-
城門一破,城內守軍倉惶四逃。
原本牛毛一般的細雨,慢慢也變成了豆子大小的雨粒,極為稀疏地從天際的黑雲裡墜了下來。
謝徵馭馬帶著十幾名親衛隊進城,在甕城同隨元青遇上。
隨元青單槍匹馬立在那裡,馬蹄下躺著十幾名燕州兵卒的屍首,他手中長.槍瀝著未乾的血色,挑釁般看著謝徵道:「謝氏豎子,可敢前來送死?」
謝徵左右的親衛面露憤憤之色,當即就忍不住要催馬上前,被謝徵長戟一橫,攔了下來。
他淡淡道:「退後。」
幾十名親衛隊的人互看一眼,往後退了數丈。
隨元青見狀,眼中的嗜血和興奮更甚,他抓著手中長.槍,用力一夾馬腹,大喝一聲便向著謝徵殺了過去。
他這一擊,人借馬勢,幾乎是銳不可當。
但謝征駕馬立在原地,連動也不曾動過一分,他坐下的大宛烏蹄馬,跟著他廝殺戰場多年,見此情形竟也不驚懼。
隨元青的兵刃快送到眼前時,謝徵才提戟格擋。
一聲令人牙酸的銳響,長戟尖端下方的半月形戟刀牢牢卡住了隨元青的槍頭,兩股巨大的力道相撞,隨元青連人帶馬都後退了半步。
他咬緊牙關,面目猙獰。
然不等他拽出自己武器,那長戟的幾柄直接重重打在了他腰腹上。
霎時間,隨元青只覺五臟六腑似被震碎一般,從馬背上倒飛出去時,一口血也噴了出來。
摔在地上時,他眼前陣陣發黑,視物都出現了重影。
只有豆子大的雨點落在臉上時,尚且還感知到幾分涼意。
城牆上的「隨」字旗被攻上城樓的燕州軍砍斷旗杆,疾風裹著旌旗吹落至謝征馬下。
馬蹄毫不留情地踏了上去,纏著暗金色龍紋的戟刀抵上了隨元青脖子。
謝徵單手持戟,於馬背上居高臨下望著他,眼底是看螻蟻般的漠然:「隨世子這十餘載的武藝,是都練在了嘴上?」
隨元青沒理會這句嘲諷,他口中滿是鮮血,望著眼前這道山嶽一般不可攀的模糊人影,快意笑了起來,道:「殺了我,給個痛快的。」
謝徵冷眼看著他,卻收回了長戟,吩咐身後親兵:「綁了,帶回去。」
親兵上前去拖隨元青,他嘶聲道:「謝徵,要死,死在你刀下,老子也甘願些,那些劊子手,不配砍老子這顆頭顱!」
雨點愈發密集,將地上的城磚暈出一個個蠶豆大小的水印。
謝徵已駕馬往前走了幾步,聞言回首看了他一眼,冷漠道:「有個人,隨世子見了,興許就不這麼急著想死了。」
隨元青很快被親衛們綁了帶走。
公孫鄞姍姍來遲,用羽扇遮在頭頂,擋著愈來愈密集的雨點,「嘖」了聲:「還真是這雷雨一下起來,康城就被拿下了?」
謝徵沒理會他,駕馬繼續往城內去,吩咐麾下部將:「大軍進城後,不得禍亂百姓。
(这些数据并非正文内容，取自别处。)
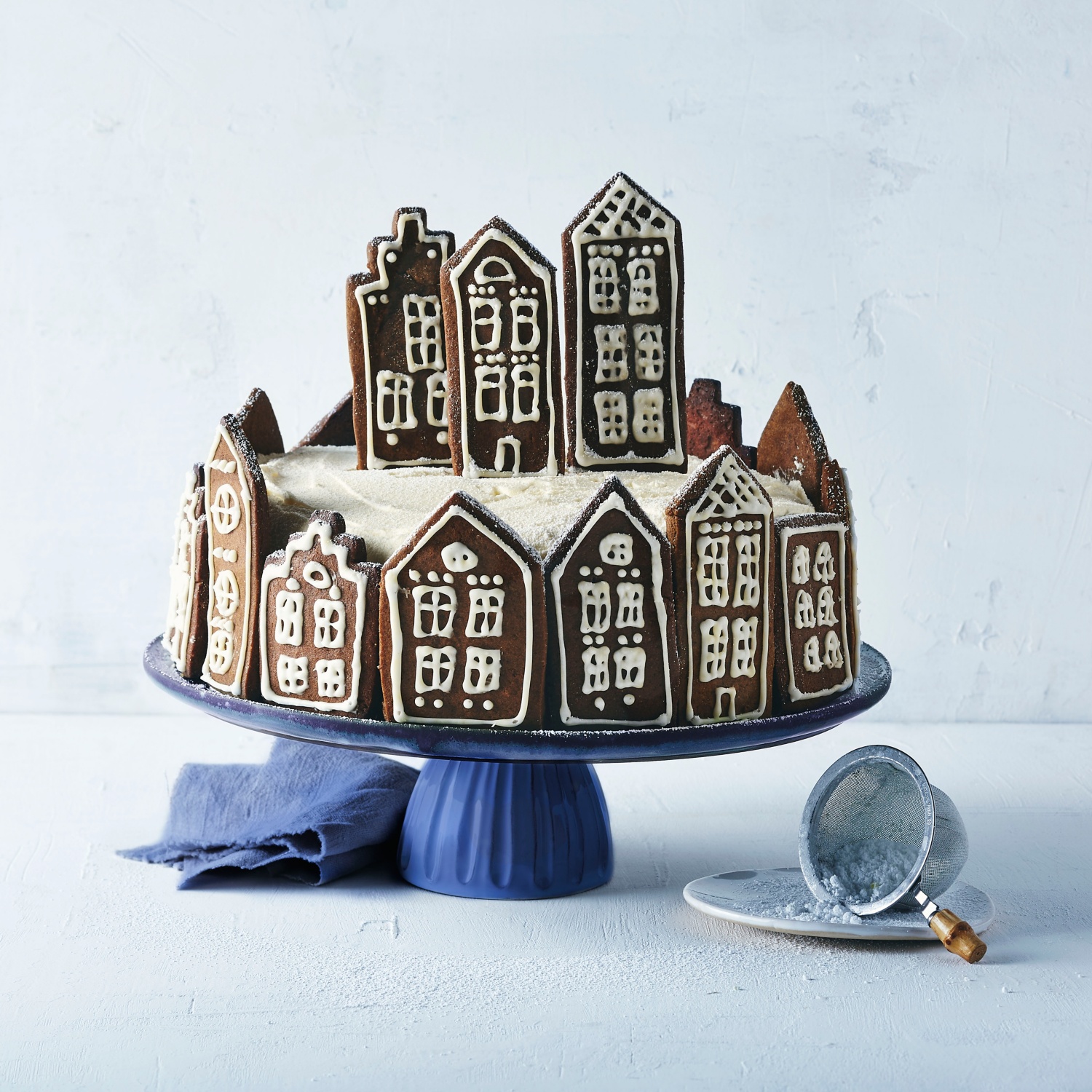 - Das Frosting gleichmäßig mit einem Spatel oder Palettenmesser auf dem Kuchen und an den Seiten auftragen und glattstreichen. Die Lebkuchenhäuser um den Kuchen herum drapieren.

」
眾部將紛紛抱拳應是。
……
那匯聚在康城上方的雷雲,最終是變成了一場下了一天一夜都未曾停歇的暴雨。
室內明燭高燃,謝徵赤著上身,緊實的肌理在昏黃的燭火下愈顯塊壘分明。
他後背有一道橫貫整個背部的斜長傷口,傷口首尾部分結痂了,中間部分又開裂來,黑褐色的痂和鮮紅的血肉混在一起,瞧著格外猙獰。
他連藥都沒上,直接扯了乾淨的白布就往身上裹,明明痛得額角都冒出細密的冷汗了,卻連眼都沒眨一下。
換下來的衣物亂糟糟堆在一旁的矮几上,裡邊一個雕工拙劣,高傲挑著眼尾的木雕小人格外扎眼。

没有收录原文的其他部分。